AFRM is not only improving its RLTC; in fact, AFRM is showing meaningful progress in its operating efficiency, expanding its operating margin. From a non-GAAP basis, all major operating expense items have declined as a percentage of revenues. As compared to a year ago, technology & data analytics spending and sales & marketing spending have declined by 100 bps. General & administrative spending declined by 300 bps from 14% to 11%. AFRM posted a 19% operating margin for 1Q25, as compared to 12% in 1Q24. Looking forward, AFRM expects to achieve operating income profitability by 4Q25 on a GAAP basis. Currently, AFRM’s management believes that there are still more operating leverage and is confident to further grow their margins.
Other Related Risks
It is important to note that the BNPL is an extremely competitive market. Although AFRM is trying to expand internationally, there are already a lot of players around the world. Many of these players have already established market dominance locally; hence, there is a possibility that AFRM face a lot of challenges in relation to its international ambitions. I fear that AFRM’s path to profitability may be affected if its UK expansion requires substantial customer acquisition related expenses.

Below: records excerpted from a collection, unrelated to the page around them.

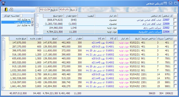 با انتخاب اين گزينه كاردكس كالاي اشخاص به تفكيك كالا و كيفيت نمايش داده مي شود.
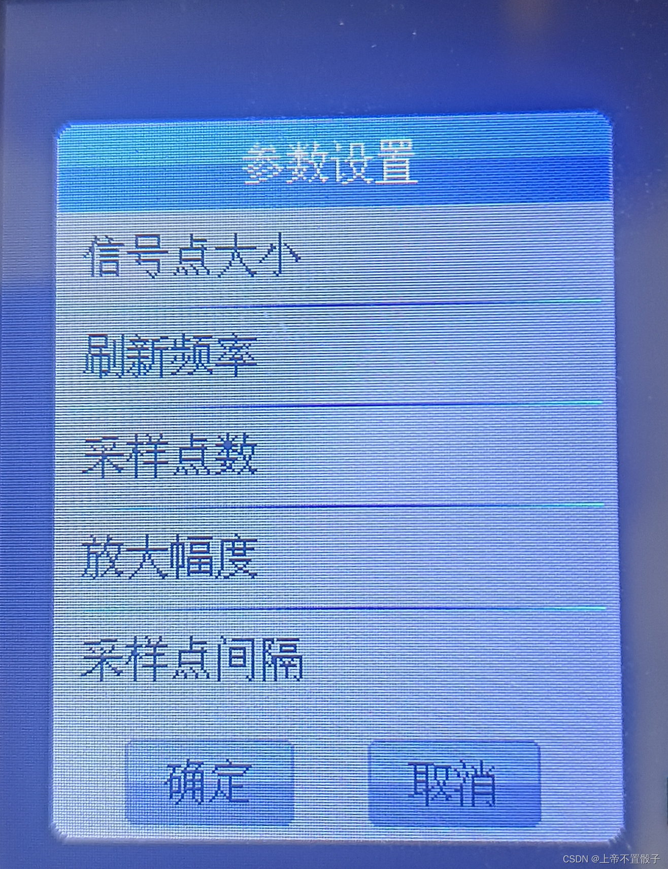 人机交互通过TFTLCD_ILI9488触摸屏实现点击控制示波器的信号点显示大小,采样频率,信号放大幅度,采样点间隔及单次采样的信号点个数。点击屏幕会出现相关设置的选择界面,点击对应按键即可实现示波器相关参数的修改。
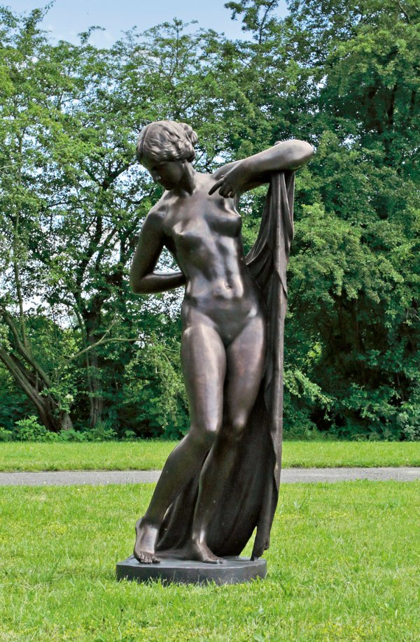 Bronze, dunkel patiniert. Posthumer Guss, Lauchhammer, 20 Jh.; Auf einer runden Plinthe stehende Aktfigur der griechischen Hetäre, sich ein Tuch umlegend. Die überlebensgroße, idealisierende Figur der "Phryne" gilt als eines der bedeutendsten Werke Lepckes. 1883-1890 studierte er an der Berliner Akademie, ab 1888 als Meisterschüler Fritz Schapers. 1891 zeichnete ihn die Preußische Akademie der Künste mit dem großen Staatspreis aus, der mit einem Stipendienjahr 1892/93 in Rom verbunden war. Von der 1907/08 modellierten, 1908 sowie 1909 auf den Großen Berliner Kunstausstellungen gezeigten "Phryne" existieren mehrere Lebzeitgüsse als Freiskulpturen in Parks und Plätzen bzw. in öffentlichem Besitz, u.a. in Berlin und Coburg. Nach dem Tod des Künstlers verkaufte sein Bruder zahlreiche Modelle Lepckes an die Kunstgießerei Lauchhammer, die entscheidend zur weiteren Bekanntheit des Bildhauers beitrug. H. ca. 185 cm.
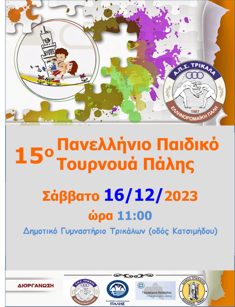 Το Σάββατο 16 Δεκεμβρίου 2023 θα διεξαχθεί στο Δημοτικό γυμναστήριο Τρικάλων το 15ο πανελλήνιο παιδικό τουρνουά πάλης με τη συμμετοχή περισσοτέρων των 400 παιδιών, από όλη την Ελλάδα, ηλικίας 4- 12 ετών.
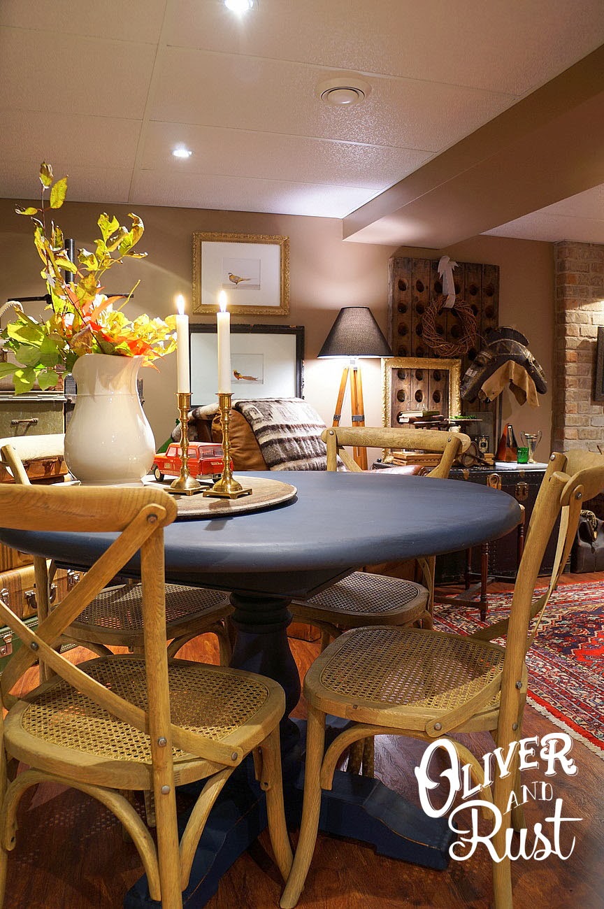 Now if you have followed this blog for any amount of time, you know I do not love blue. It is not my favourite colour by a long shot. It's down there with pink and orange. I mostly feel this way about sky blue but, when I saw the original product shoot for Miss Mustard Seeds then new Artissimo milk paint it was like being in the V8 commercial and being hit in the head. I knew instantly that it would be the perfect colour for a table in our basement to blend into the persian rugs and still look neutral.

Investors should also know that the company’s delinquencies have been showing slight signs of deterioration. This is not surprising as consumer’s sentiment remains relatively deteriorated. However, there might be other consumer related headwinds in 2025, such as the potential inflationary effects from Trump’s tariffs. If consumers are further pressured, there is a likelihood that these delinquency rates will increase as well.
Valuation Analysis Suggests That AFRM’s Potential Has Been Priced In
Since AFRM is still posting operating losses on a GAAP basis, we can only use price-to-sales to value the company. AFRM is trading at a price-to-sales ratio of 9.57x, which is relatively high as compared to the entire industry. However, that is still justifiable given that the company’s revenue growth outperformed almost all of the other companies in the set.
Based on the current data, for every 1% of revenue growth, the market is pricing in an average price-to-sales multiple of 0.16x. Since market participants are expecting AFRM to post $3.1 billion in revenues for FY2025, that will represent an expected year-on-year growth of 33.40%; Hence, a price-to-sales multiple of 5.34x (33.40 * 0.16x) will be reasonable. Unfortunately, utilizing a 5.34x multiple on the AFRM’s revenue of $3.1 billion suggests that the company’s market capitalization should be approximately $16.55 billion. Currently, AFRM’s market cap is $22.46, indicating that the company is overvalued by more than 30%.
Closing Remarks
It is clear that AFRM is firing on all cylinders. I have no doubt that the company will be able to achieve profitability on time. Unfortunately, at this time, it seems that market participants have already priced in the company’s potential. Based on my valuation analysis, the company is overvalued by more than 30%, making it an unattractive investment. Moreover, AFRM is an extremely highly volatile company. It currently has an annualized volatility of more than 90% and a beta of more than 3x. Hence, there is a very high chance that investors can find a better entry point. At this stage, investors should exercise caution and wait for a correction before jumping onto AFRM.
Analyst’s Disclosure: I/we have no stock, option or similar derivative position in any of the companies mentioned, but may initiate a beneficial Long position through a purchase of the stock, or the purchase of call options or similar derivatives in AFRM over the next 72 hours. I wrote this article myself, and it expresses my own opinions. I am not receiving compensation for it (other than from Seeking Alpha). I have no business relationship with any company whose stock is mentioned in this article.